What Else Can You Do to Reduce Your Risk of AD?
- Exercise regularly. The most thoroughly researched behavioral intervention for cognitive functioning is physical activity. In addition to modifying other associated risk factors with AD, such as cardiovascular disease and the APOE gene, physical activity has also been found to increase levels of BDNF,a molecule known to play a role on synaptic plasticity. Aerobic exercise, in particular, has been found to attenuate progression of neurodegenerative processes and age-related loss of brain matter and neuroplasticity. Studies show that physical activity, particularly midlife physical activity, decreases risk of dementia and AD later in life.
- Prioritize quality sleep. Research has found that Beta-amyloid plaque deposition, a biological marker of AD, is associated with poor sleep quality. The same study found that frequent napping was also associated with amyloid deposition. During wakefulness, there is increased neuronal activity leading to increased production of Beta-amyloid protein. During sleep, neuronal activity decreases, as does Beta-amyloid production. Based on this information, chronically insufficient sleep leads to increased neuronal activity and excess Beta-amyloid build up.
- Get social. It’s well documented that those who have more extensive social interactions are less susceptible to cognitive decline than those with reduced social networks. Moreover, social activity and support are associated with decreased risk for AD. Don’t stress if you are living alone or are an only child, participation in any socially engaging leisure activities such as visits with friends, going to the movies, clubs, community centers, places of worship, and volunteering are all associated with reduced risk of dementia.
- Participate in cognitive training programs and mentally stimulating activities on a regular basis. This is considered to be one of the most effective non-pharmacological therapeutic interventions to reduce risk of AD and cognitive decline. Studies indicate that intellectual activity in middle adulthood influences AD risk more than it does in early adulthood, so it’s vital to continue this practice throughout your life. This doesn’t mean you have to go get another degree (of course you can if you’d like), but you can simply learn a new skill, a new language, a new instrument, or you can participate in games and puzzles that challenge your brain power.
- Manage stress.
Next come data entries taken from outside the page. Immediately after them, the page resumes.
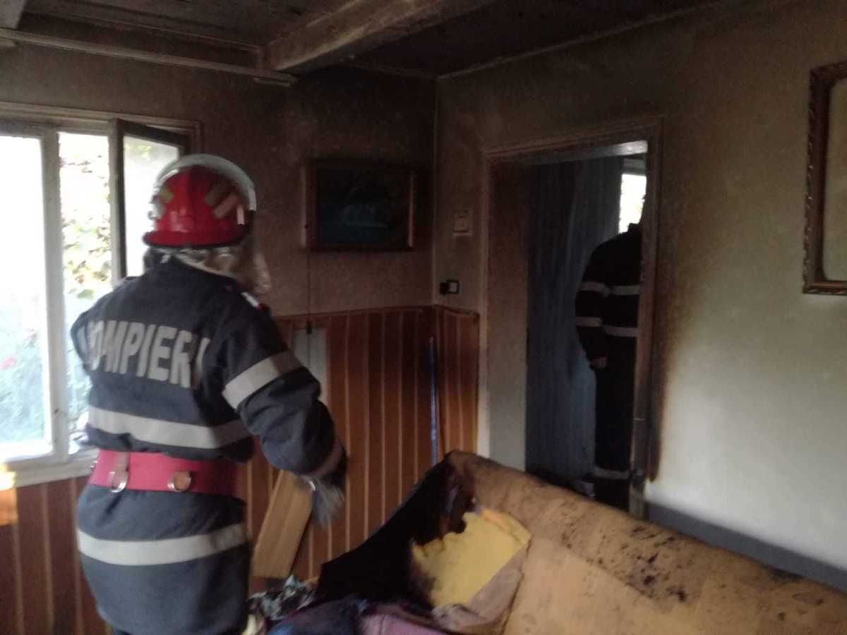 Proprietara, o femeie în vârstă de 82 de ani, a suferit arsuri la nivelul feței și mâinilor, fiind preluată de un echipaj SMURD.
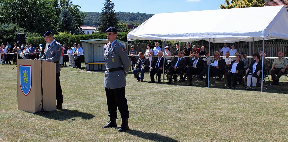 Zu Soldatinnen und Soldaten sagt Oberstleutnant Schreiter, Sie bekunden mit Ihrem Eid die Treue zur Bundesrepublik Deutschland. Sie haben sich dafür entschieden mit diesem Eid auch Führungsverantwortung zu übernehmen, als sie am 4. Juli erstmals durch das Kasernentor in Sondershausen schritten.
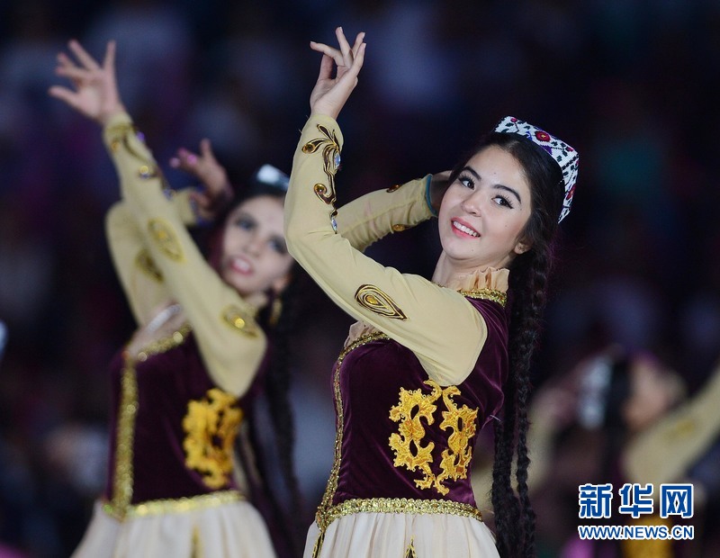 8月31日,演员在乌兹别克斯坦首都塔什干举行的独立日庆祝活动上表演。当日,乌兹别克斯坦在首都塔什干的阿利西尔·纳沃伊公园举行文艺演出,庆祝乌兹别克斯坦独立24周年,数千人出席庆典。新华社记者 沙达提摄
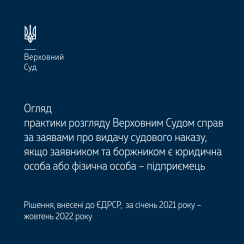 Пропонуємо до уваги огляд практики розгляду Верховним Судом справ за заявами про видачу судового наказу, якщо заявником та боржником є юридична особа або фізична особа – підприємець (рішення, внесені до ЄДРСР, за січень 2021 року – жовтень 2022 року) – .
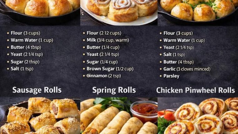 1) Dinner Rolls Ingredients• Flour – 3 cups• Warm water – 1 cup• Butter – …
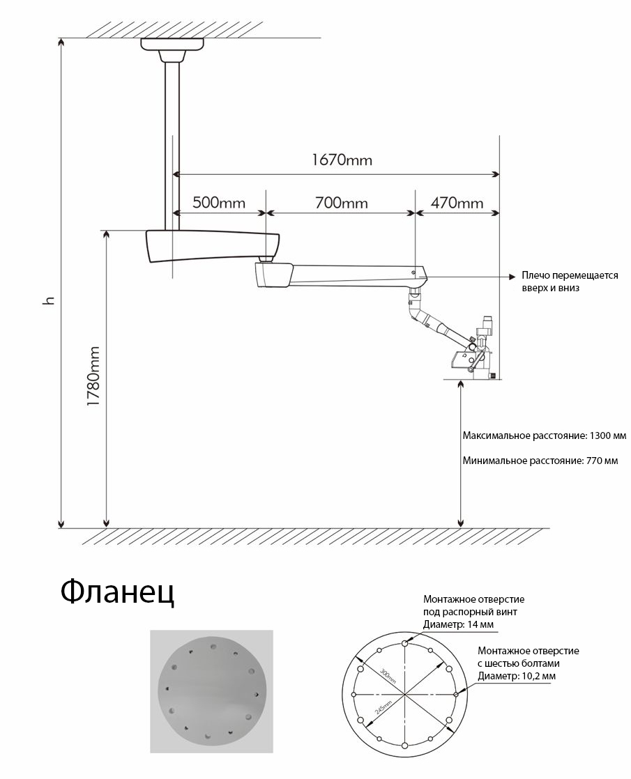 - Кронштейн: Двойной кронштейн с регулировкой угла наклона.
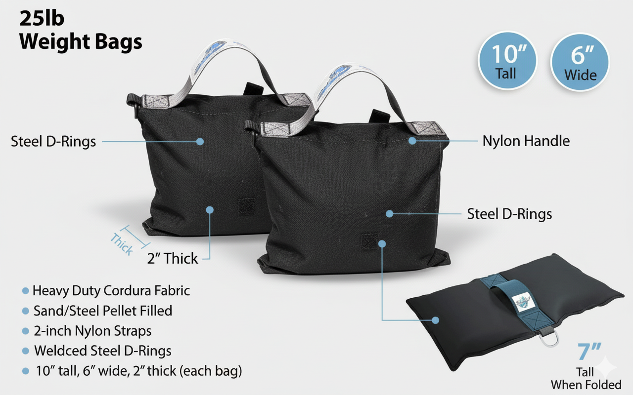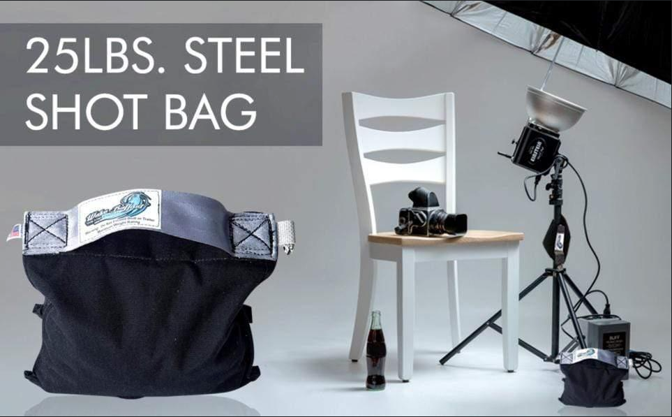 Our 25 LB Wake Ballast Bags are made from the highest quality 1680 D Ballistic Nylon. Our custom double stitching on all seams adds to the long life and durability. Our custom designed small steel shot allow our Wake Ballast Bags to conform to many shapes, corners for a perfect fit. The D Ring can hold the entire bag and is big enough to clip to any carabiner, tripod, or stand. The velcro strap on the bottom ensures your bags stay in place and won't move your set.
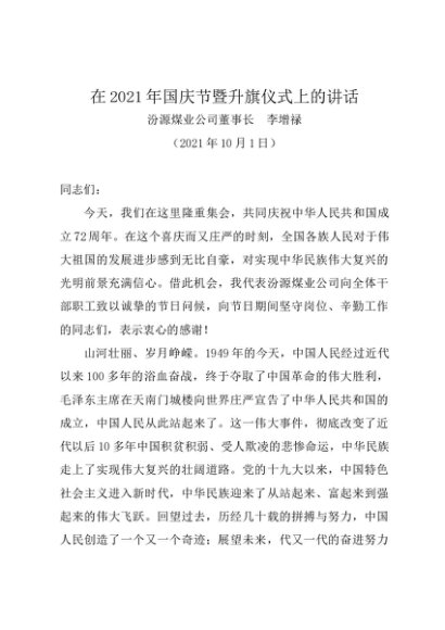 / 时令材料∣1001国庆节:20211001在2021年国庆节暨升旗仪式上的讲话——汾源煤业公司董事长 李增禄
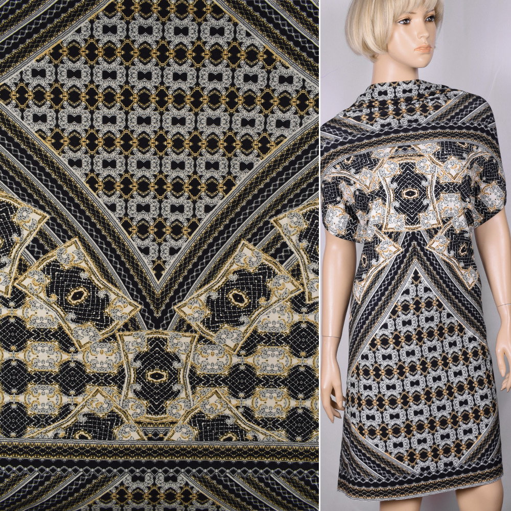 Описание Трикотаж вискозный стрейч кремовый с бежево-синим абстрактный рисунок ш.145. Состав ткани: Вискоза-96, Эластан-4. Плотность ткани: 200 г/м.кв. Страна производитель: Германия. Трикотаж - это мягкая плотная материя, не прозрачная. Приятная на ощупь, комфортная в носке. Благодаря содержанию синтетических материй, материал более износостойкий и надолго сохраняет свой первоначальный вид. Ткань отличается своей приятной текстурой, хорошей растяжимостью, практически не мнется. Трикотаж достаточно простой в уходе. Используется для пошива платьев, спортивных костюмов, легких жакетов, поло, футболок и многого другого.
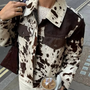 - Features: Bold cow print design, long sleeves, and functional patch pockets
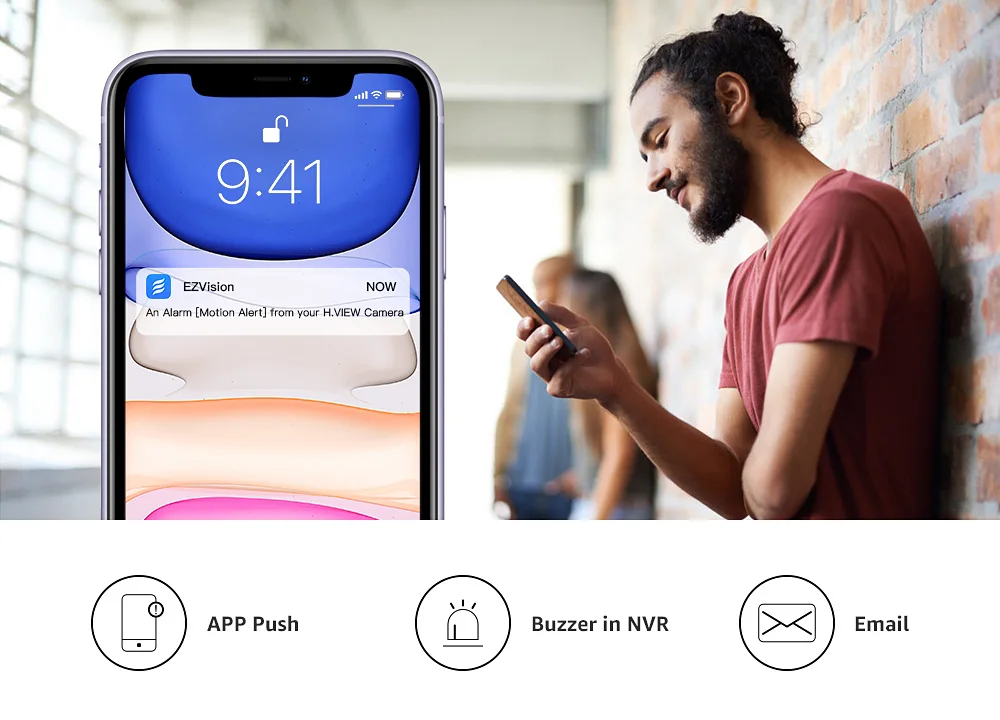 Когда кто-то врывается в зону съемки, сообщения тревоги будут отправлены в приложение вашего телефона

High levels of perceived stress are associated with higher risk for developing AD. While still under investigation, it is believed that the stress hormones and neuroinflammatory mechanisms induced by stress can cause neuronal dysfunction that can contribute to the development and progression of AD. Stress management is imperative for long-term health and wellbeing. Meditation, Tai Chi, Mindfulness, and Breathing Techniques all have a role to play here.
There are many modifiable risk factors for AD that can be addressed at any point in life. Don’t wait until it’s too late. Make changes now to reduce your risk of cognitive decline later.